Re: pg_subscription.subslotname is wrongly marked NOT NULL

От
Tom Lane
Дата:
I wrote:
>> It's also a bit annoying that we have no mechanized checks that
>> would catch this inconsistency.  If JIT is going to be absolutely
>> dependent on NOT NULL markings being accurate, we can't really
>> have such a laissez-faire attitude to C code getting it wrong.

> It seems like at least in assert-enabled builds, we'd better have
> a cross-check for that.  I'm not sure where's the best place.

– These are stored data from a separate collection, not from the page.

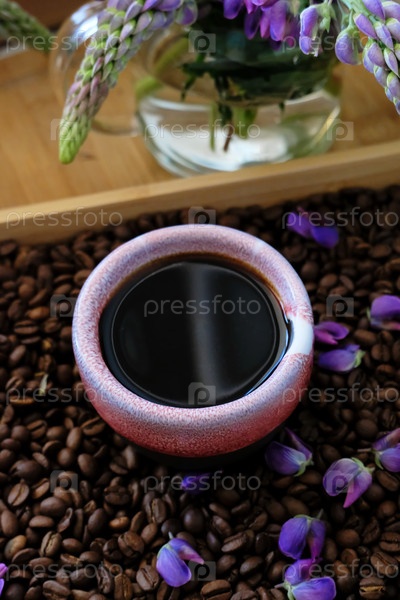 Черный кофе подается в глиняной чашке на подносе с кофейными зернами и лепестками цветов
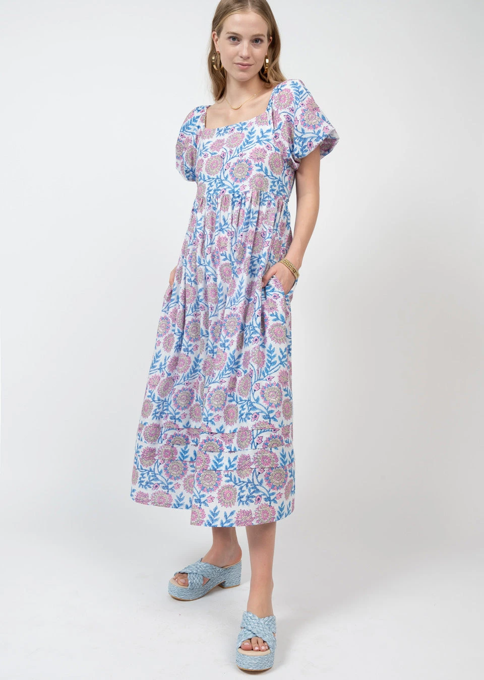 Pouf sleeves are all the rage this year, show them off in this super cute pouf sleeve midi dress by Uncle Frank in white color combination.
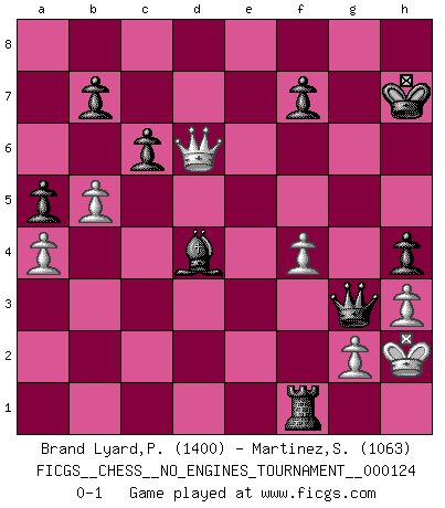 Last move : 0-1 2022 December 13 23:33:8 [Event "FICGS__CHESS__NO_ENGINES_TOURNAMENT__000124"] [Site "FICGS"] [Date "2022.11.13"] [Round "1"] [White "Brand Lyard,Paul"] [Black "Martinez,Silvio"] [Result "0-1"] [WhiteElo "1400"] [BlackElo "1063"] 1.d4 d5 2.Nc3 Nf6 3.Bg5 h6 4.Bxf6 exf6 5.e3 Nc6 6.Bb5 Bd7 7.Bxc6 Bxc6 8.Nf3 Bb4 9.O-O O-O 10.Ne2 Re8 11.c3 Ba5 12.b4 Bb6 13.a4 a5 14.b5 Bd7 15.Qb3 Be6 16.Nf4 Rb8 17.Nh4 g5 18.Nxe6 Rxe6 19.Qc2 gxh4 20.Qf5 Qd7 21.f4 Rd8 22.Qh5 Rxe3 23.Qxh6 Rxc3 24.Qxf6 Qg4 25.Qxd8+ Kg7 26.Qxd5 c6 27.Qe5+ Kg6 28.Qd6+ Kh7 29.Rae1 Rd3 30.Re7 Bxd4+ 31.Kh1 Rd1 32.R7e1 Rxe1 33.h3 Rxf1+ 34.Kh2 Qg3+ 0-1 Follow this game move after move (download)We must make sure that Chess will not be like a dead language, very interesting, but for a very small group. (Sytze Faber) Der 70jährige Viktor Kortschnoi: Die Rentenanstalt wollte mich zwingen in Rente zu gehen. Meine Frau erhält jetzt eine Pension- und ich zahle weiter in die Rentenkasse ein! (Viktor Kortschnoi) Ayuda a tus piezas para que ellas te puedan ayudar. (Paul Morphy) Le plus grand jeu de l'esprit jamais inventé, plus vous l'apprenez, plus vous y prenez du plaisir. (Garry Kasparov) The greatest con, that he ever pulled... was making you believe... that he is you. (Revolver, movie)

I concluded that we should put this into CatalogTupleInsert and
CatalogTupleUpdate.  The bootstrap data path already has a check
(see InsertOneNull()), and so does the executor, so we only need
to worry about tuples that're built manually by catalog manipulation
code.  I think all of that goes through these functions.  Hence,
as attached.

... and apparently, I should have done this task first, because
damn if it didn't immediately expose another bug of the same ilk.
pg_subscription_rel.srsublsn also needs to be marked nullable.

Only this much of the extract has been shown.